_WHAT TO PRODUCE_: Where the data below begins, start duplicating lines exactly, and finish with the line containing "Les Plastic Armchairs"; add nothing else. Leave the pictures out.
PROVIDED MATERIAL below:
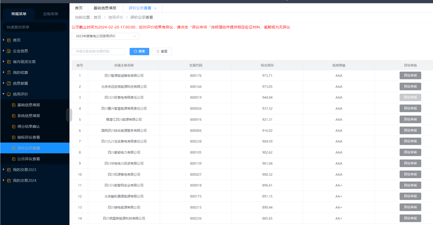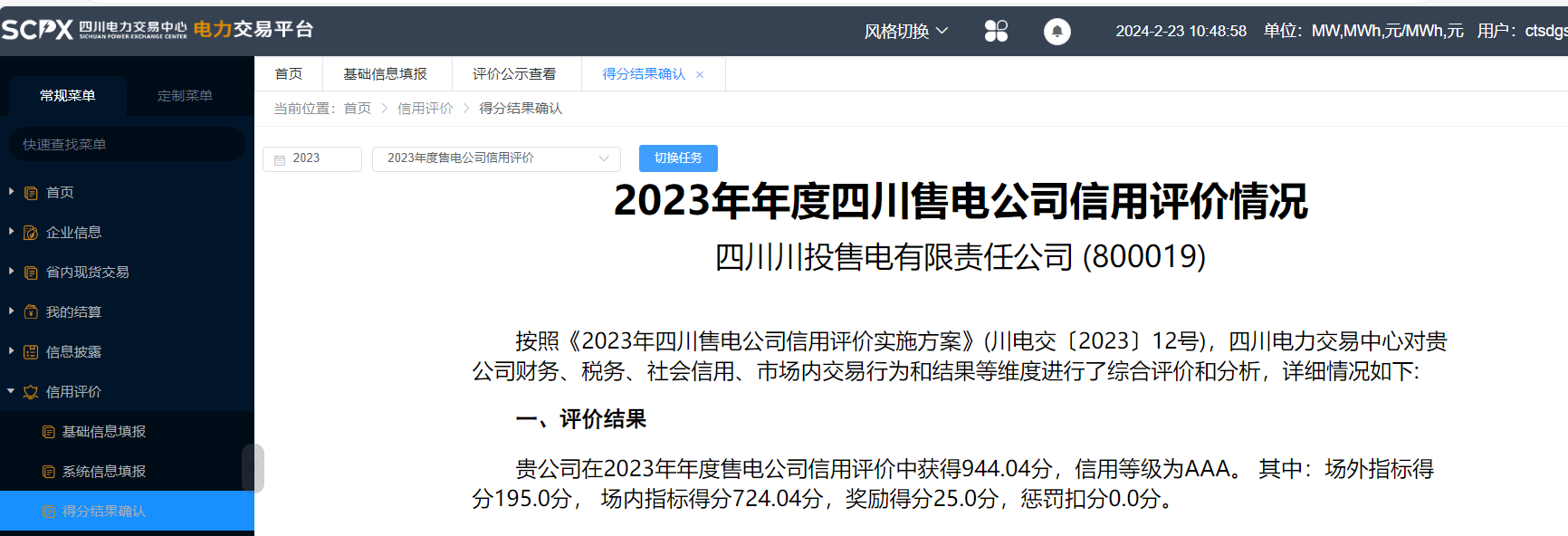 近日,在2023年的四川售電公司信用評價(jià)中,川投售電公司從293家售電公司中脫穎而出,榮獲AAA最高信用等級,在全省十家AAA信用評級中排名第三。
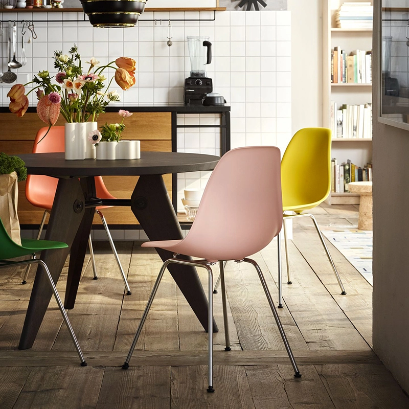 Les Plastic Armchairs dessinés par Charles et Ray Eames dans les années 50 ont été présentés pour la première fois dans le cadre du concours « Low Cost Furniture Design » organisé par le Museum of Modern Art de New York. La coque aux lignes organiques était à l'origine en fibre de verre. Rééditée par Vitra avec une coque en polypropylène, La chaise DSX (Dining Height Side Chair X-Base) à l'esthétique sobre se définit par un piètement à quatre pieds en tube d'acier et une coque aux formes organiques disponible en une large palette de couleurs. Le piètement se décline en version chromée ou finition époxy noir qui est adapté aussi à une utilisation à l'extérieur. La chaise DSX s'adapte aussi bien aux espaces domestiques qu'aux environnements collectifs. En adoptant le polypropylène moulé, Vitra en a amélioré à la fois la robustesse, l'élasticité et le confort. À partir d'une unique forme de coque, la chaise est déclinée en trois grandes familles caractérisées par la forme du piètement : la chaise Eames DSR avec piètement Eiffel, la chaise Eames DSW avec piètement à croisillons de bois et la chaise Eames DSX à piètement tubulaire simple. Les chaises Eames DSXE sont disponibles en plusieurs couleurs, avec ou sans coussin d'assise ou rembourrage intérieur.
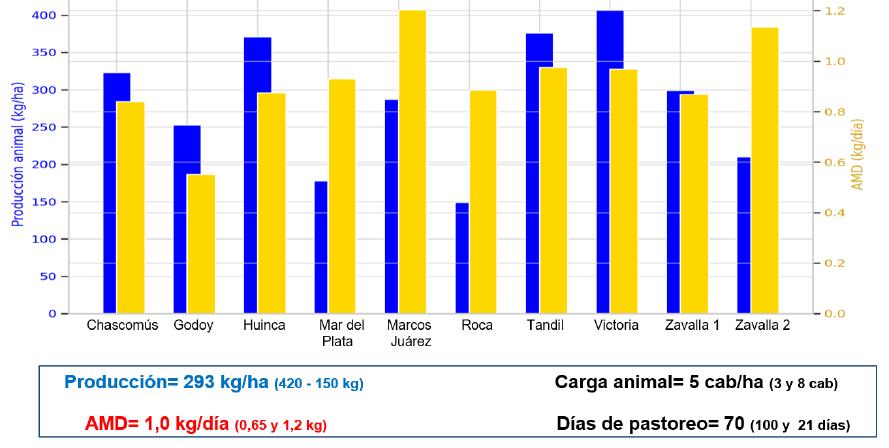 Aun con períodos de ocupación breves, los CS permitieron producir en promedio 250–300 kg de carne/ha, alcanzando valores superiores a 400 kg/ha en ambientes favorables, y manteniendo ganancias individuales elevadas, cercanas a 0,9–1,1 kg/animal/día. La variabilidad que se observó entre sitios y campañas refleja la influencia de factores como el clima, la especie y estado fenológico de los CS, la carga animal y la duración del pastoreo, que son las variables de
End of PROVIDED MATERIAL.
_TASK SOLUTION_:
 近日,在2023年的四川售電公司信用評價(jià)中,川投售電公司從293家售電公司中脫穎而出,榮獲AAA最高信用等級,在全省十家AAA信用評級中排名第三。
 Les Plastic Armchairs dessinés par Charles et Ray Eames dans les années 50 ont été présentés pour la première fois dans le cadre du concours « Low Cost Furniture Design » organisé par le Museum of Modern Art de New York. La coque aux lignes organiques était à l'origine en fibre de verre. Rééditée par Vitra avec une coque en polypropylène, La chaise DSX (Dining Height Side Chair X-Base) à l'esthétique sobre se définit par un piètement à quatre pieds en tube d'acier et une coque aux formes organiques disponible en une large palette de couleurs. Le piètement se décline en version chromée ou finition époxy noir qui est adapté aussi à une utilisation à l'extérieur. La chaise DSX s'adapte aussi bien aux espaces domestiques qu'aux environnements collectifs. En adoptant le polypropylène moulé, Vitra en a amélioré à la fois la robustesse, l'élasticité et le confort. À partir d'une unique forme de coque, la chaise est déclinée en trois grandes familles caractérisées par la forme du piètement : la chaise Eames DSR avec piètement Eiffel, la chaise Eames DSW avec piètement à croisillons de bois et la chaise Eames DSX à piètement tubulaire simple. Les chaises Eames DSXE sont disponibles en plusieurs couleurs, avec ou sans coussin d'assise ou rembourrage intérieur.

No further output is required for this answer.